— ASSIGNMENT —
Beginning with the first line, retype exactly the records below up to and including the line with "An acoustic guitar"; pictures do not belong in the copy.

— RECORDS TO PROCESS —
= = = = =

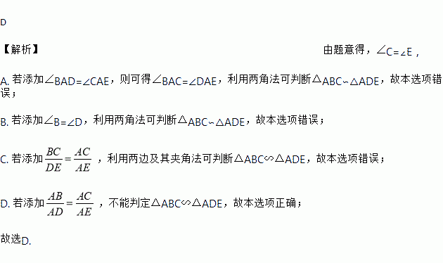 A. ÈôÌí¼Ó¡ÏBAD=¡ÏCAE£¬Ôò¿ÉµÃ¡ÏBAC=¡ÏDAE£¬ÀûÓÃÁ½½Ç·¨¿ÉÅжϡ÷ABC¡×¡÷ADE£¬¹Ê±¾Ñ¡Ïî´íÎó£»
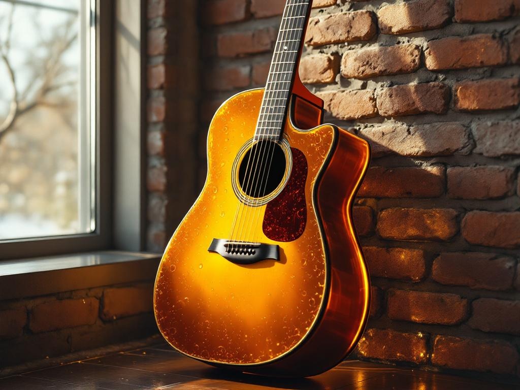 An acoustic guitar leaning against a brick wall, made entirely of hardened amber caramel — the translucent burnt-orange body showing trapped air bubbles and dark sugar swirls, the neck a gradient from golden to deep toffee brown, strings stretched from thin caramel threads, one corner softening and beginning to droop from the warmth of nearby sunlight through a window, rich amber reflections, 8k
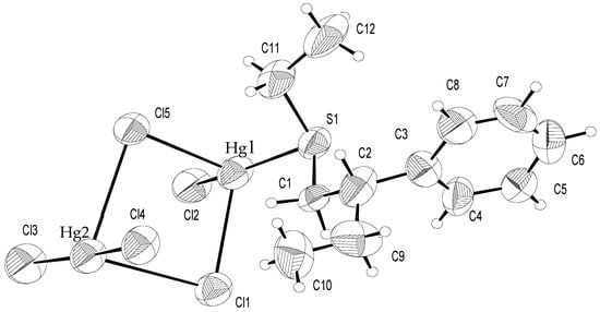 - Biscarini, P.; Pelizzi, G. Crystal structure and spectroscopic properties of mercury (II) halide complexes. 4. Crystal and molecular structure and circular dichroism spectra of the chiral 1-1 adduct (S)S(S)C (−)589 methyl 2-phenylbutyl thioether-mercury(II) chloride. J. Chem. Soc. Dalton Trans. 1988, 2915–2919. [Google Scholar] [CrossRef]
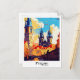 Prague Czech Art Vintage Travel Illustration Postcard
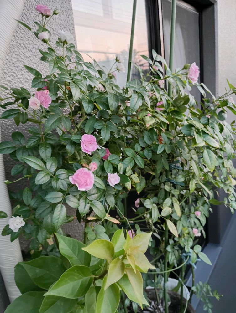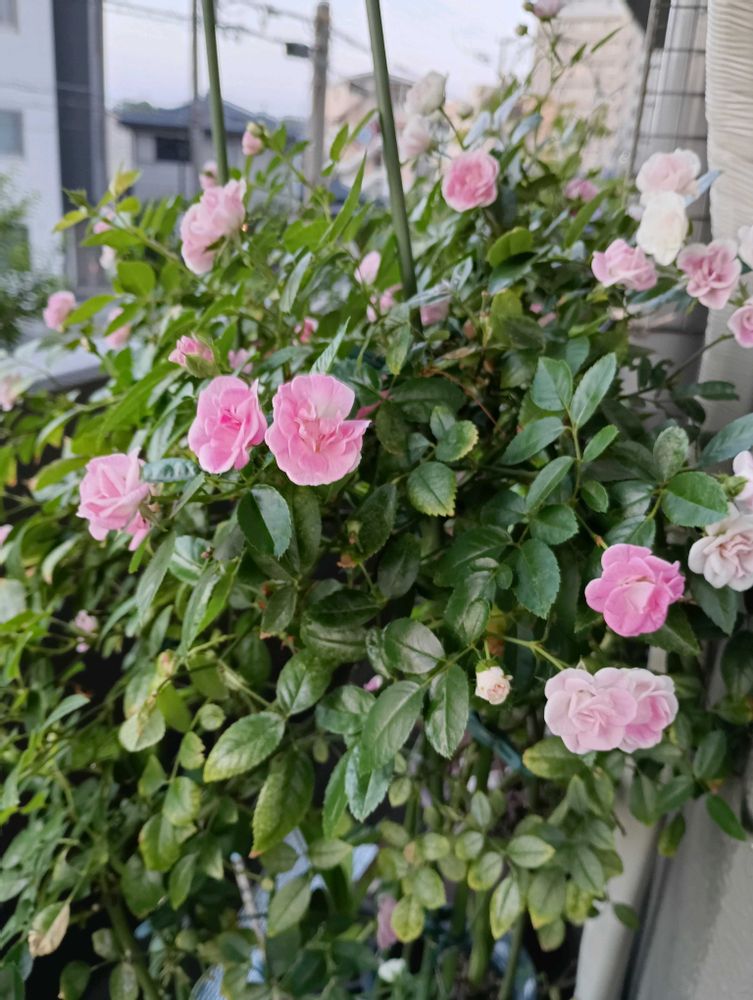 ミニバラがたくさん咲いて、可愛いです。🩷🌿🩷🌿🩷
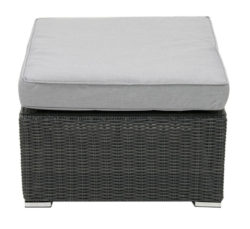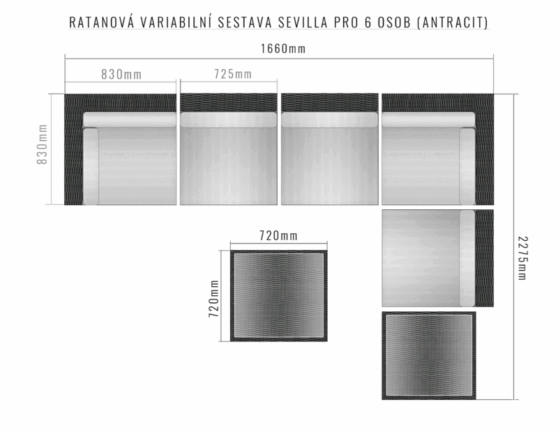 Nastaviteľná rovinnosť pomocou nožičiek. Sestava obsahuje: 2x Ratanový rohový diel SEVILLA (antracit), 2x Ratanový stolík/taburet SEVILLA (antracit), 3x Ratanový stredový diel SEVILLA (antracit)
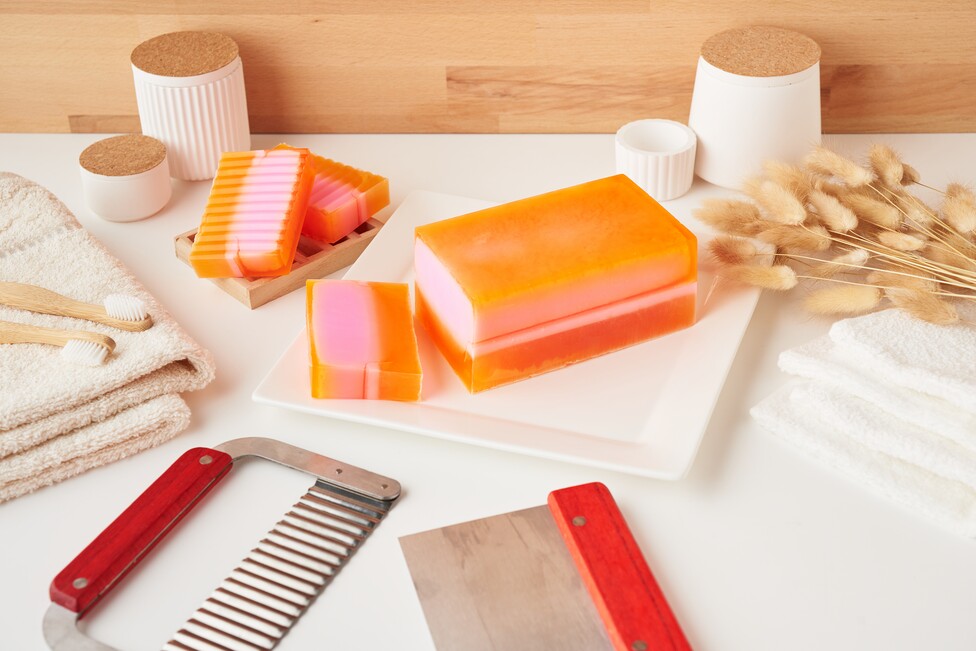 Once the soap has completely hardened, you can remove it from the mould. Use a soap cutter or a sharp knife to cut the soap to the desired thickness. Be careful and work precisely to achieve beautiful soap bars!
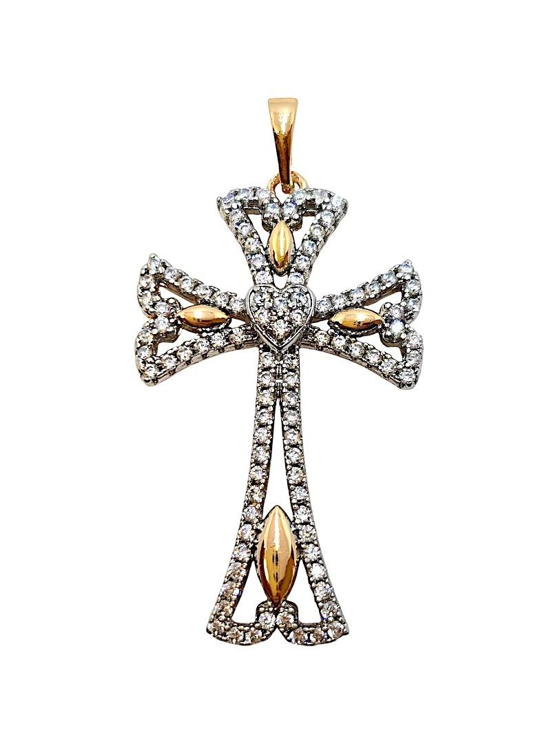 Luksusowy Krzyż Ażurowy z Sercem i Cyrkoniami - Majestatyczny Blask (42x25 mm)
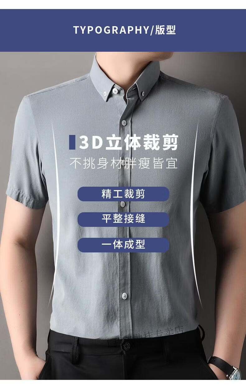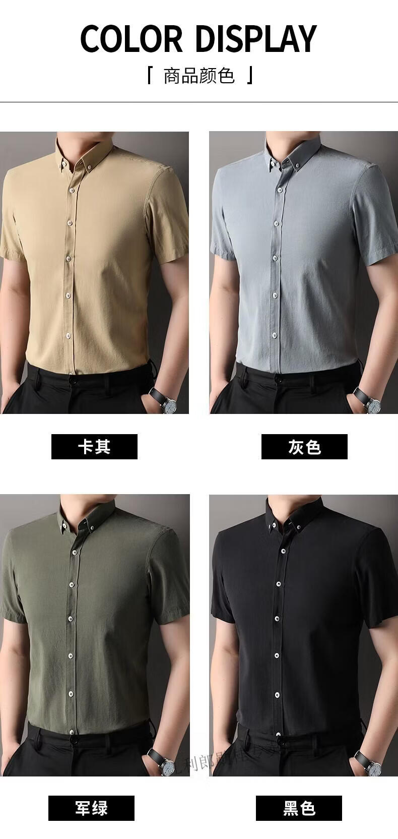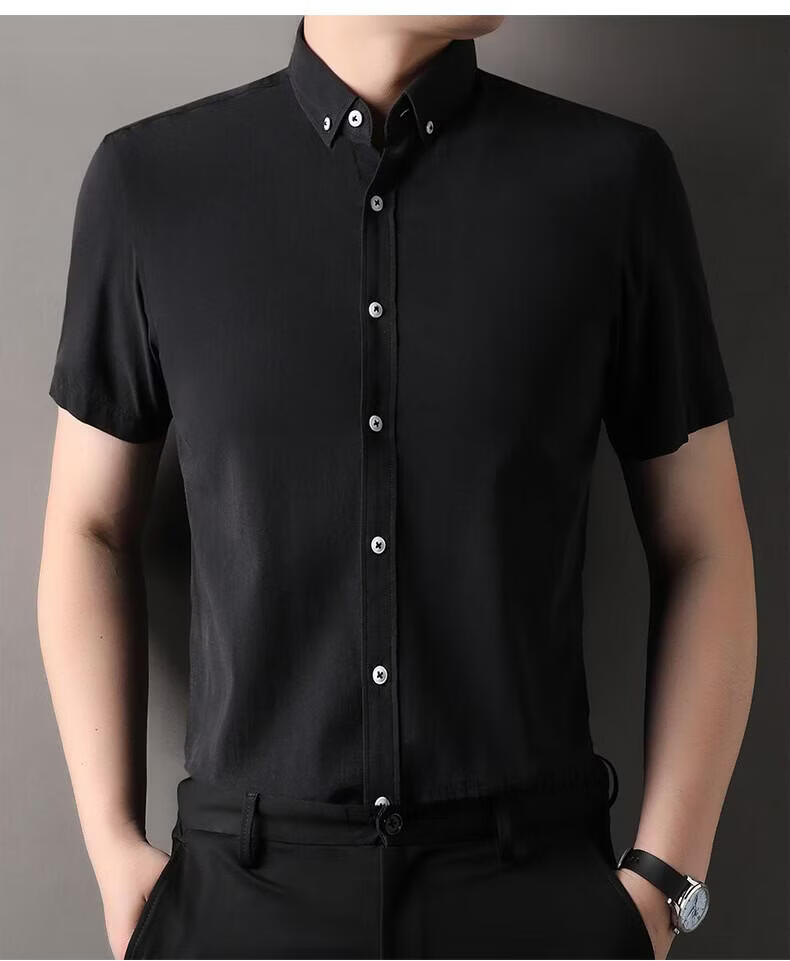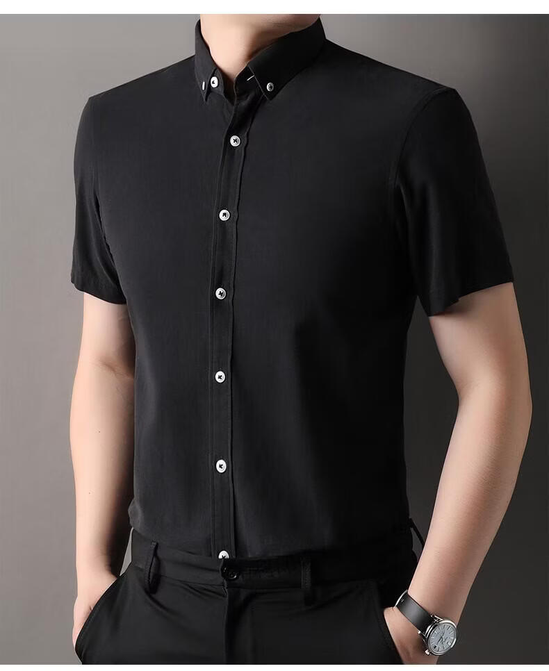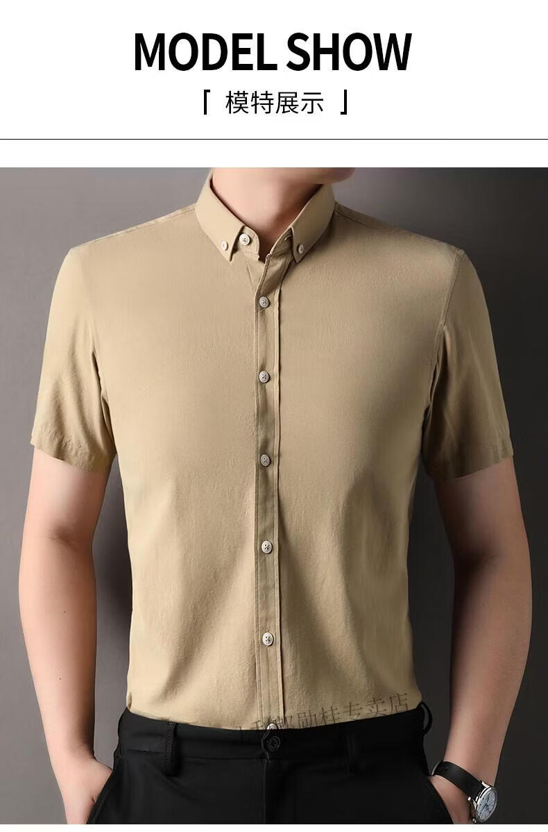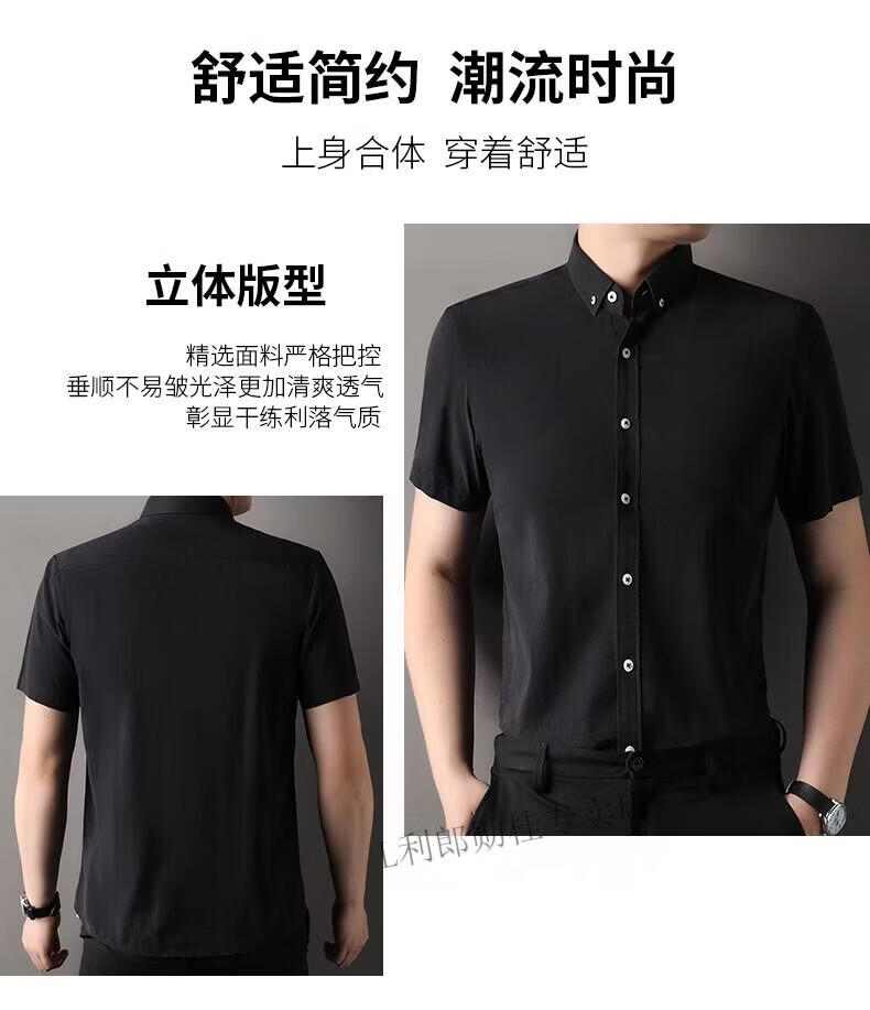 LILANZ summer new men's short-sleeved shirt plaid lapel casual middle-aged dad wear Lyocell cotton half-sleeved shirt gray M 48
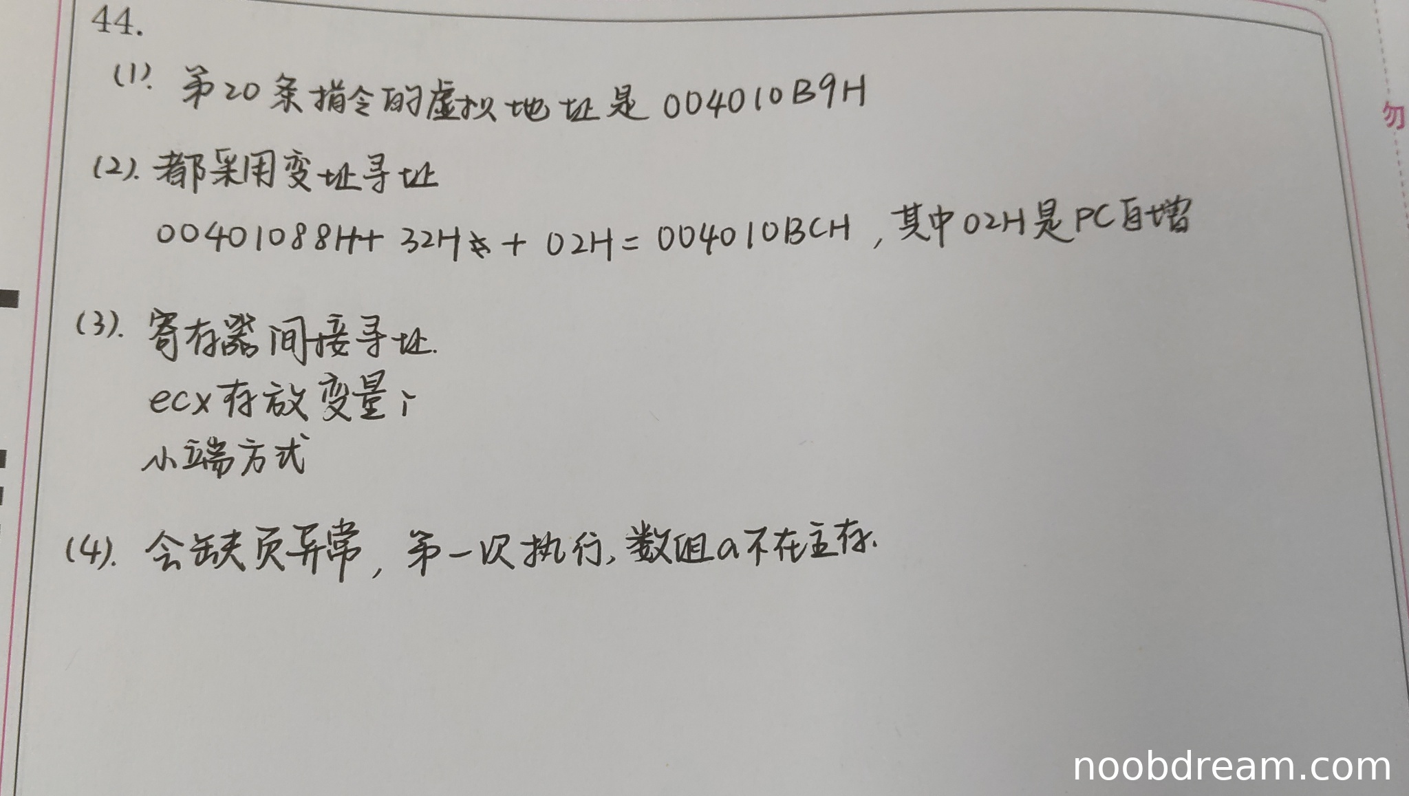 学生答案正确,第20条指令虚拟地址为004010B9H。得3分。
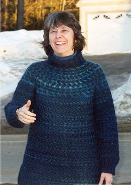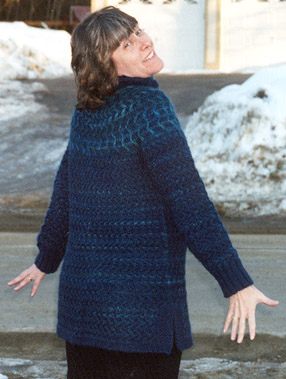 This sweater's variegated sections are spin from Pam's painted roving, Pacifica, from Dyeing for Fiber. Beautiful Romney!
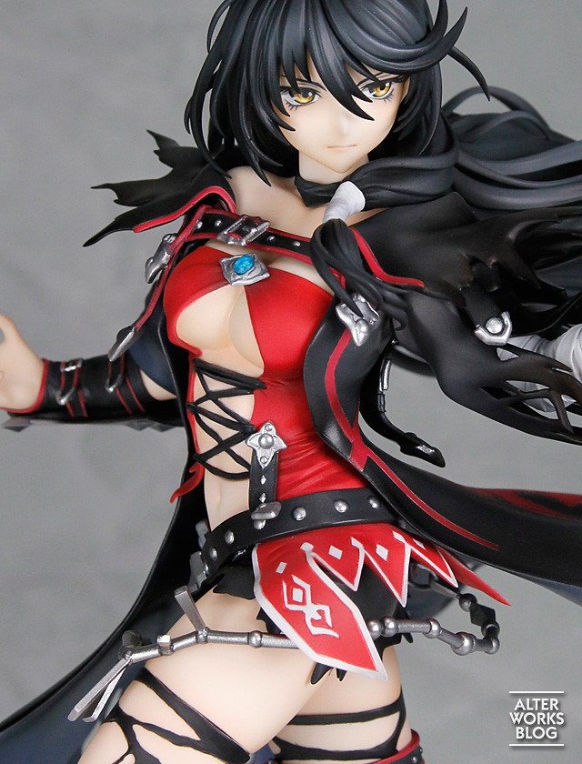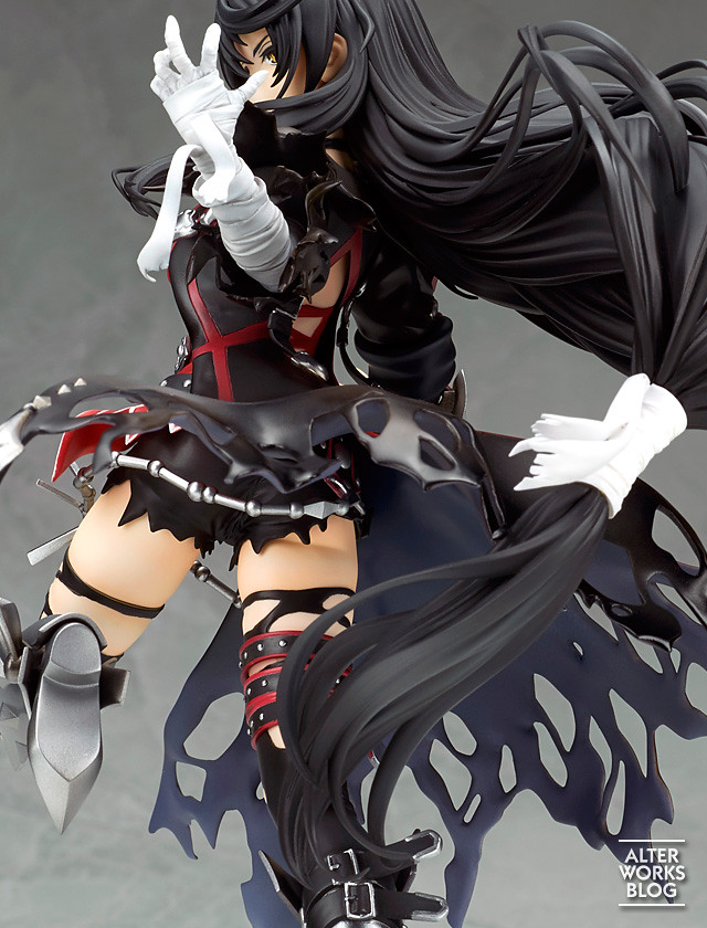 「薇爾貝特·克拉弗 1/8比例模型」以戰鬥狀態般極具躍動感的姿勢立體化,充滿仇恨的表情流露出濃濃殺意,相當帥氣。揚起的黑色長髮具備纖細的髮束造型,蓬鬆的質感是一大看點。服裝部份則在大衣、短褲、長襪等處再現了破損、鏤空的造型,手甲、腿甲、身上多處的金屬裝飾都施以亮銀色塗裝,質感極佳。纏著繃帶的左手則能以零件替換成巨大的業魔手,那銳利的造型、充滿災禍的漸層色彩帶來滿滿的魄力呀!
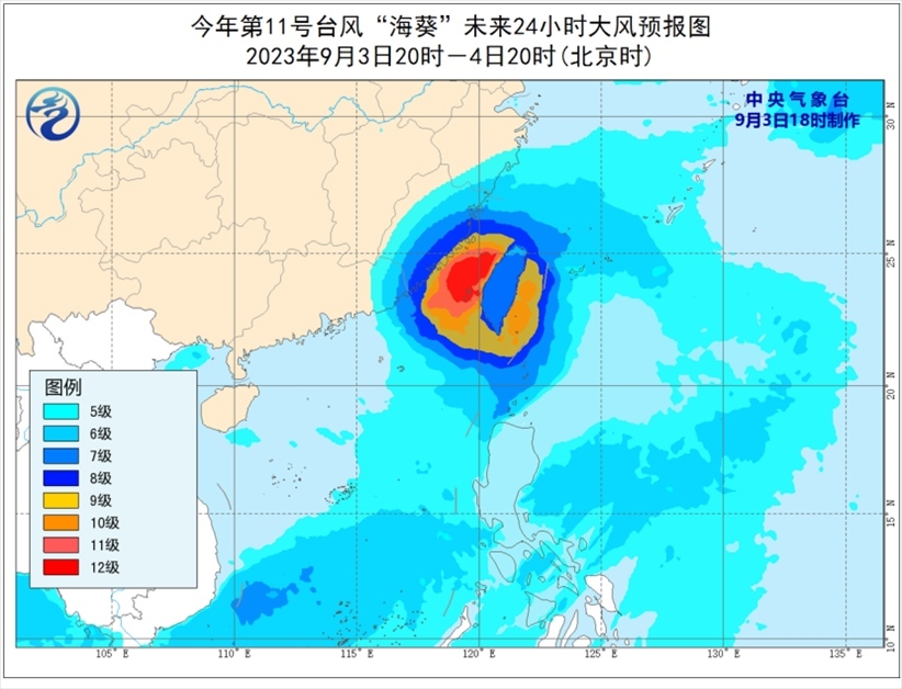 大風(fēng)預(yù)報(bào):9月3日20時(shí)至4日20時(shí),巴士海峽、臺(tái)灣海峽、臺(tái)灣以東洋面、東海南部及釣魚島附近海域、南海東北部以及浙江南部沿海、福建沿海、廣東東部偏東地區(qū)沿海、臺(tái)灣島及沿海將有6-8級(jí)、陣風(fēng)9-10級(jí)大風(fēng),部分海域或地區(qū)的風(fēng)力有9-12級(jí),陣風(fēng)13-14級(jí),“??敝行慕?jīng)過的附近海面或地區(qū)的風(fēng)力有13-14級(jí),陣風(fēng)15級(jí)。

= = = = =

— REPLY —
 A. ÈôÌí¼Ó¡ÏBAD=¡ÏCAE£¬Ôò¿ÉµÃ¡ÏBAC=¡ÏDAE£¬ÀûÓÃÁ½½Ç·¨¿ÉÅжϡ÷ABC¡×¡÷ADE£¬¹Ê±¾Ñ¡Ïî´íÎó£»
 An acoustic guitar leaning against a brick wall, made entirely of hardened amber caramel — the translucent burnt-orange body showing trapped air bubbles and dark sugar swirls, the neck a gradient from golden to deep toffee brown, strings stretched from thin caramel threads, one corner softening and beginning to droop from the warmth of nearby sunlight through a window, rich amber reflections, 8k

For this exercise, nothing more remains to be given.